[DIRECTIONS] Retype every line of the data below, starting with the first and ending with the line that contains "And disabled Radeon", but leave out the pictures.

[DATA SECTION]
:::
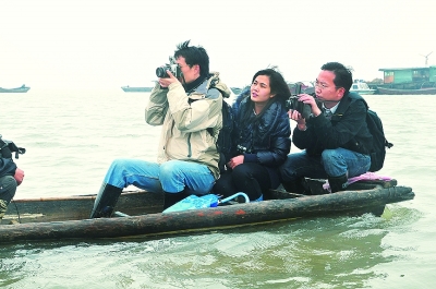 光明日?qǐng)?bào)記者歷時(shí)11天、跨越5省,深入我國(guó)基層水文站調(diào)研。圖為三位記者在鄱陽(yáng)湖采訪。
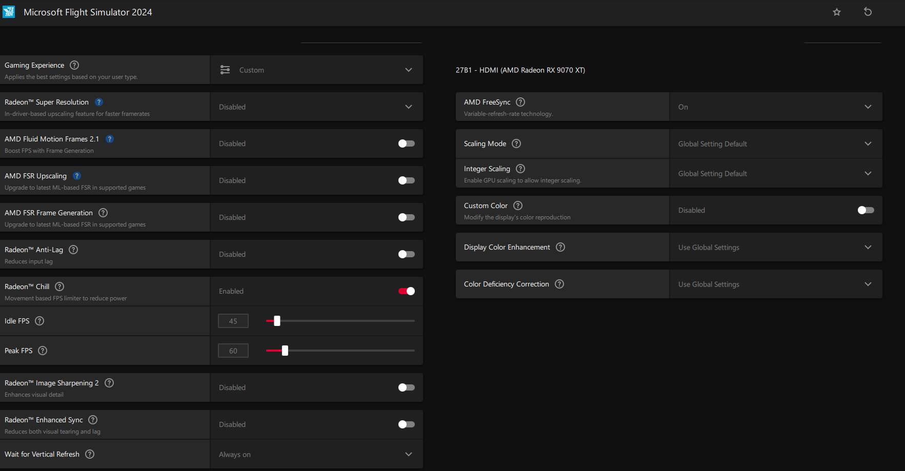 And disabled Radeon Chill if it’s enabled because it must be interfering with the settings in msfs
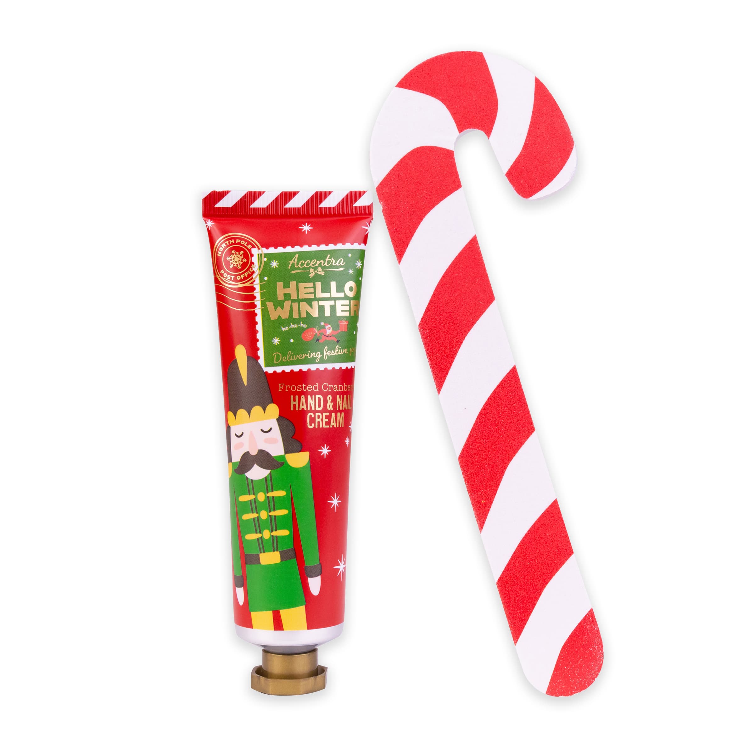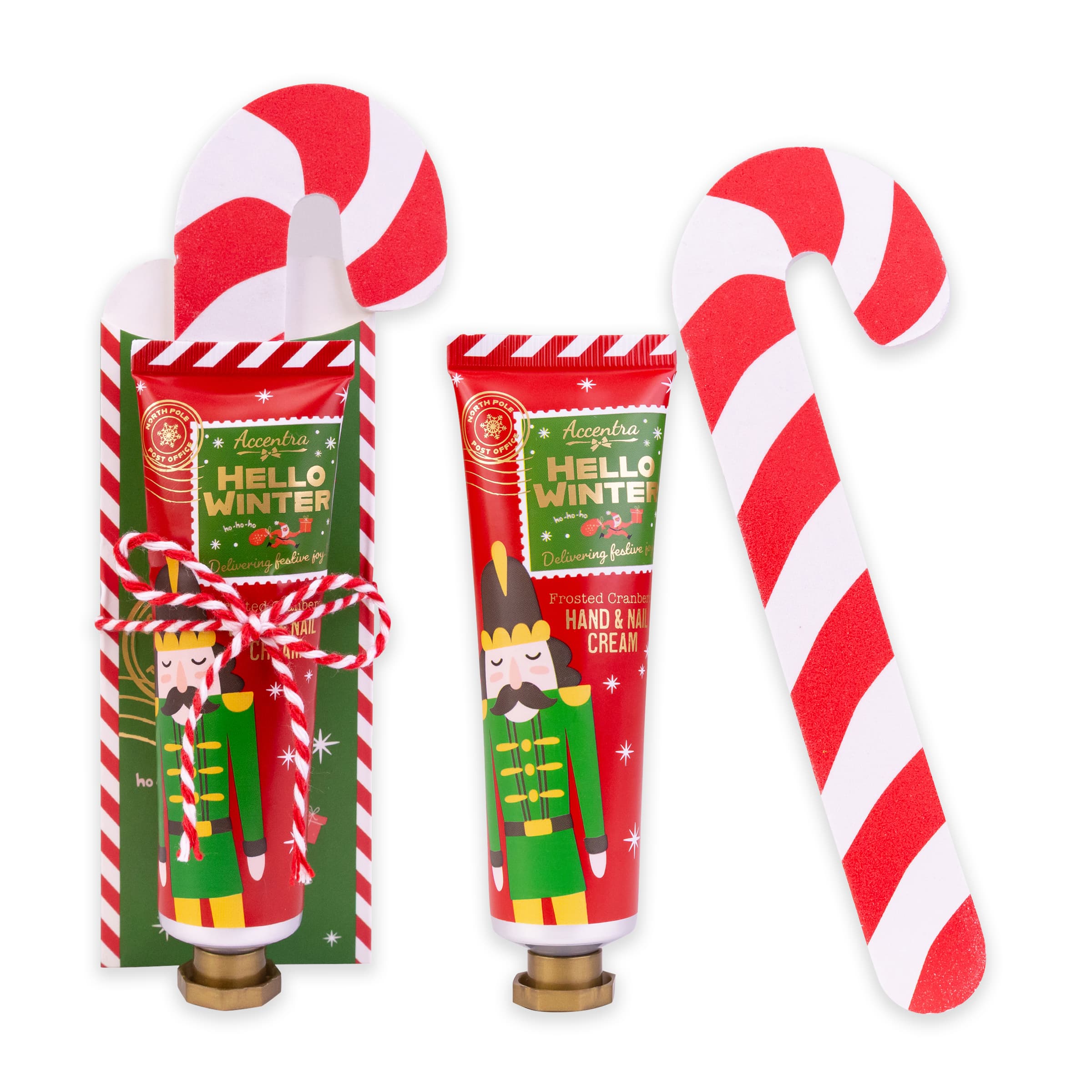Das liebevoll gestaltete Handpflegeset HELLO WINTER in den klassisch weihnachtlichen Farben Rot, Grün und Gold enthält eine 30ml Hand- und Nagelcreme mit herrlich frischem Duft nach Frosted Cranberry sowie eine hübsche Nagelfeile im Zuckerstangen-Design. Das Set eignet sich hervorragend als kleine Aufmerksamkeit in der Weihnachtszeit.
:::
[REPLY]
 光明日?qǐng)?bào)記者歷時(shí)11天、跨越5省,深入我國(guó)基層水文站調(diào)研。圖為三位記者在鄱陽(yáng)湖采訪。
 And disabled Radeon Chill if it’s enabled because it must be interfering with the settings in msfs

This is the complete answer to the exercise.